2. Train the policy LLM. Once the initial dataset is prepared, the LLM generates code changes based on the provided issue descriptions and code context. The picture below shows the prompt template used to train Llama3-SWE-RL with SWE-RL.

3. Compute the reward. When the LLM generates a code change that matches the oracle patch, a positive reward is assigned on a scale between 0 and 1 based on its similarity to human-written solutions. Incorrect formatting results in a -1 penalty. This way the model learns from its successes and mistakes, improving coding capabilities over time.
4. Refine model learning. The last step in the SWE-RL process is policy optimization performed by the Generalized Policy Optimization (GRPO) algorithm. GRPO, an advanced RL method, optimizes the policy by selecting actions with the highest rewards. Through this iterative process, the model progressively enhances its ability to generate high-quality code changes.
“Aha moments” and generalized reasoning capabilities. The RL approach in SWE-RL enables the development of emergent reasoning skills, often referred to as “aha moments,” similar to those observed in DeepSeek-R1. These skills include self-reflection, exploring alternative solutions, and employing divide-and-conquer strategies, which contribute to the model’s strong performance in a variety of tasks. Notably, the model excels not only in in-domain tasks like issue-solving but also in out-of-domain tasks such as function implementation and mathematical reasoning.
Data curation process
The Llama3-SWE-RL model was trained using a curated dataset of PRs from the GitHub Archive. The figure below illustrates SWE-RL’s raw PR data curation process.
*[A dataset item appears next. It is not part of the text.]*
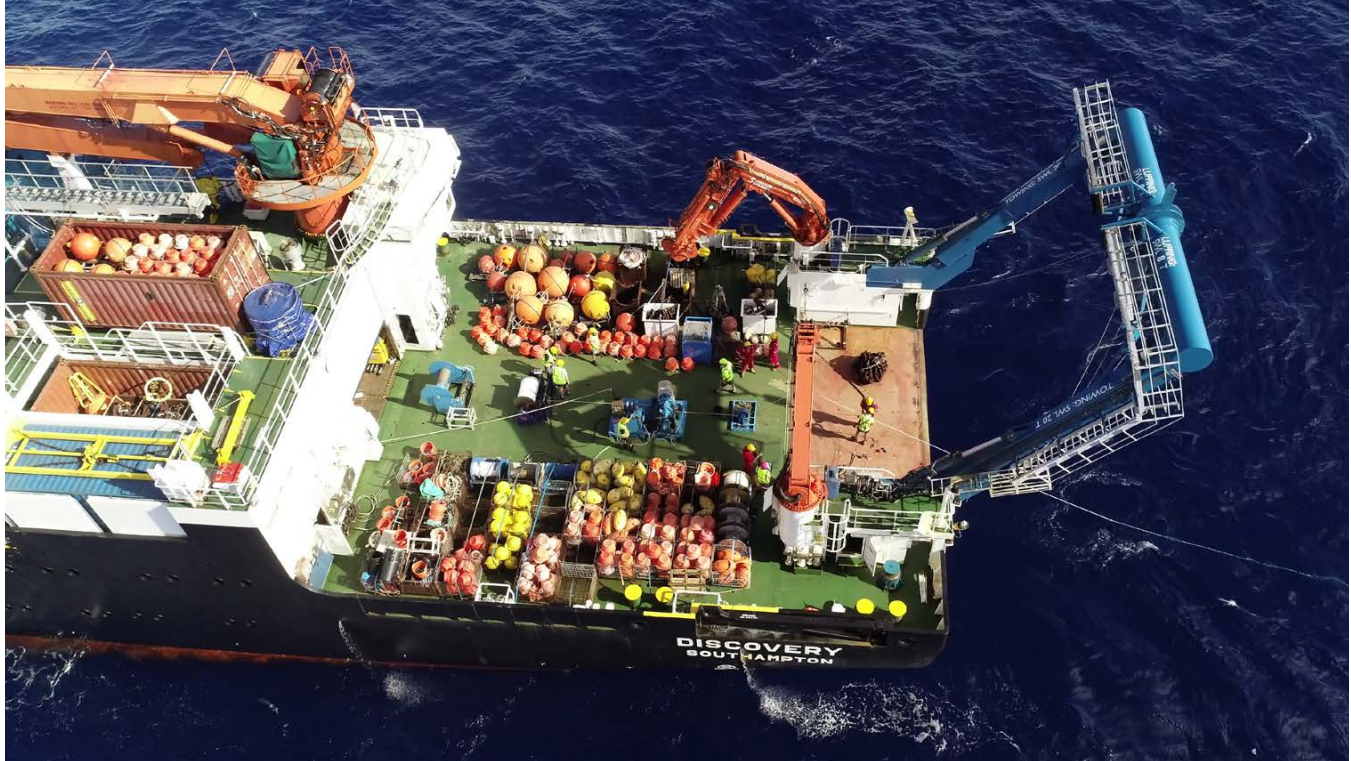
FIGURE 2. An Atlantic mooring is deployed from RRS Discovery during cruise DY129 in early 2021.

expendable bathythermographs, and Argo floats (Frajka-Williams et al., 2019; Østerhus et al., 2019).

- GitHub events and clones: 4.6M repositories were cloned, including their complete commit history from January 1, 2015, to August 31, 2024. To ensure an unbiased evaluation of SWE-RL, researchers excluded the repositories used in the existing SWE benchmark.
- PR data aggregation: They aggregated all pertinent information associated with each PR individually. This includes issues, discussions, comments, initial code contents, and subsequent commits and code changes.
- Relevant files prediction: To prevent LLMs from over-editing, which occurred when only modified files were included in PR data, they used Llama-3.1-70B-Instruct to identify and add all relevant, even unmodified files.
- Data filtering: The dataset was cleaned by removing duplicates, low-quality PRs, and incomplete data.
Evaluation
Llama3-SWE-RL-70B successfully resolves 41% of SWE-bench Verified issues (a subset of SWE-bench with 500 human-verified problems), the continuous reward system being a major factor in its strong reasoning abilities. This model demonstrates performance comparable to GPT-4o while surpassing medium-sized open-source models. The table below provides a detailed overview of the model’s performance, which is achieved through exclusive training on public data using the SWE-RL framework.

Conclusion
SWE-RL represents the first RL method to improve LLMs for real-world software engineering tasks. It demonstrates that open-source software evolution data, when combined with RL, can build more capable coding assistants that surpass the existing benchmarks.